ORK, Pa. (AP) — A black woman who watched a white mob kill her sister during race riots nearly a half-century ago in Pennsylvania – and had to wait over 30 years for justice – has died.

Hattie Dickson died of natural causes Monday at York Hospital, said Lucy Gladfelter of Gladfelter Funeral Home. She was 70.

Long-simmering racial tensions in York, Pa., erupted in violence in the summer of 1969. On July 18, 1969, white police officer Henry Schaad was shot and killed.

Four days later, Dickson was behind the wheel when a mob of armed white youths confronted her family after their car got stuck at a railroad crossing.
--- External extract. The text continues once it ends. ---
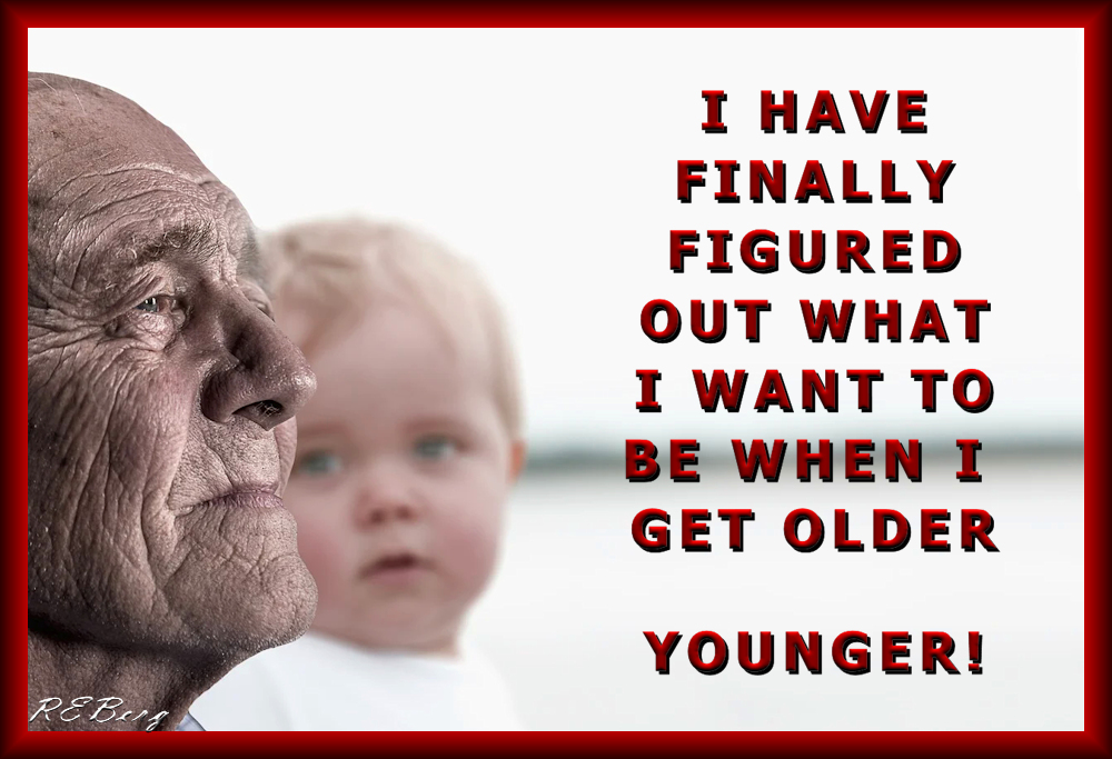 Rejuvenation Realization Image June 30, 2023 R.E. Berg Age Management, humor, Imaginary Reality, joke, meme, That's Living aspiration, determination, older, younger
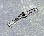 The hammer is broadly lozengiform in plan, rectangular in profile and square in section at the striking face, Set at the right angle to the haft. The eye is circular, set in a diamond-shaped expansion

Her 27-year-old sister, Lillie Belle Allen, got out of the car to take the wheel from a frightened Dickson, and was gunned down by the mob.

Allen was a mother of two from Aiken, South Carolina, and was in York visiting her sister. Her killing went unpunished until prosecutors reopened the case in 1999.

Eventually, 10 white men were charged, including York’s mayor at the time of prosecution. Two were convicted of second-degree murder; seven others pleaded no contest or guilty to lesser charges, and former York Mayor Charlie Robertson was acquitted.

Dickson, her surviving sister and Allen’s two children were awarded a $2 million settlement from the city in 2005. It settled the lawsuit Allen’s family filed against York and five former police officers.